Good grief

By: Michael L. Tan - @inquirerdotnet - Columnist/Philippine Daily Inquirer | October 28,2020 - 08:00 AM

This year’s All Saint’s Day will be somewhat difficult for many Filipinos who lost loved ones during the ongoing COVID-19 lockdown.

This was not necessarily deaths from COVID-19. But because of all the confusion and uncertainty, especially with the long delays in testing results (sometimes coming out after the patient had already died), many hospitals and physicians had to presume COVID-19 as the cause of admission into the hospital and, later, death.

With COVID-19 as the default diagnosis, many families were torn apart, with relatives not allowed to be with their loved ones once they were admitted into the hospital.

And if the patient died, the remains were often hurriedly put into body bags that were zipped up with instructions not to open them up again, even for relatives. Wakes were initially forbidden and cremations made mandatory. These rules have since been relaxed, but wakes continue to be discouraged and a cap is placed on the number of people who can attend the funeral.

I have many friends who lost loved ones during the last seven months, and what’s most difficult has been the lack of closure.

This should not be surprising. We “learn” to grieve through culture, and our culture, as with many other Asian countries, emphasize long and elaborate wakes and funerals, with much outward expressions of grief, sometimes bordering on the hysterical, which are in a way “healthy” because they allow for quick catharsis.

COVID-19 cut down the rituals, which can make grieving complicated. “Bitin” (left hanging) is the term I frequently hear from friends.

Here are some ways to deal with the difficulties around grieving.

First, recognize that “good grief” or “productive grief” is important, allowing ourselves to confront the range of emotions — sadness, loneliness, as well as gratitude, maybe even relief, especially over a loved one’s prolonged illness — that comes with death.

There should be no guilt around the feelings, which might even include anger with someone, even a parent, with whom our relationships were strained. Allow time to handle the negative feelings and come to terms with the need to forgive, and to let the anger simmer down.

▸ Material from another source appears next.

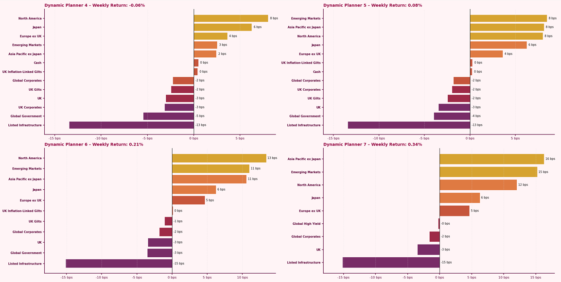 Each week Abhimanyu Chatterjee, Chief Investment Strategist at Dynamic Planner provides a clear and concise overview of how our Benchmark Allocations performed, its key drivers and trends along with notable movements within the portfolio. Designed to support you and keep you informed of how our portfolios have been performing and providing information you can discuss with your clients.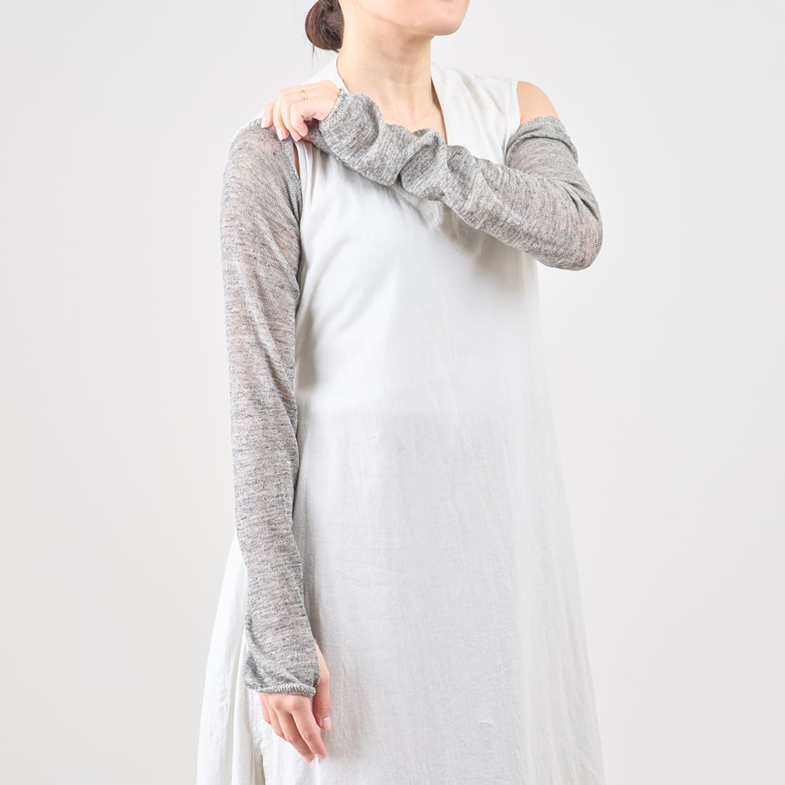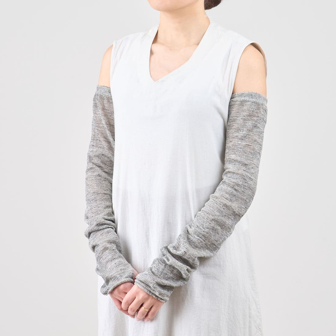 また、アームカバーの幅もゆったりと設計することで、腕にぴったりと密着せず、風通しの良い快適な着け心地に。

Second, create personal rituals for yourself. Feel free to talk with the dead, doing what you used to do with them when they were alive — politics, movies, tsismis. Do this with the ones you love. The ones you didn’t like, let them be. It’s crazy to pick a fight with the dead.

Arrange for people — relatives, mutual friends — to come together, even online. Strength in numbers. Nothing grand, a short formal part with prayers and then, instead of eulogies, just recalling the good times.

Then plan for better times ahead when a memorial service can be held. Many of my friends who lost loved ones kept the cremation ashes, intending to have a large gathering later, a parangal or tribute, which can be longer, complete with PowerPoint and music. Knowing there will be such an event gives us a horizon in the future, an assurance that the deceased is remembered.

Finally, send out a social signal by bringing back the mourning patch. It’s a way of telling people you are grieving, and may need some space. But it can also be a way to allow people to ask. They may have heard, but are not sure, but your mourning patch says, “Yes, she’s gone and I miss her,” allowing people to offer condolences and comfort.

Michelle Mariposa, my research assistant and a psychologist, lost her father on March 17, finding out only through an internet news item that gave his patient number! I asked her if she’d like to share some advice, and this is an excerpt from her reply:

“It was only recently that I realized that grieving is something you take with you in your everyday life, with or without ceremony. The few months I allowed myself to simply be in a sad and pained state without pressuring myself to get back to work, the times that I would allow myself [to] feel a semblance of joy only to remember that my dad was no longer here to share these joys with me, the moments spent studying, recording, and performing music to keep up with my musical life… Grieving gives a different dimension to the things one would do on the usual, and it seems like this dimension is something that will stay for the rest of my life, and with or without ceremony, I’m okay with this.”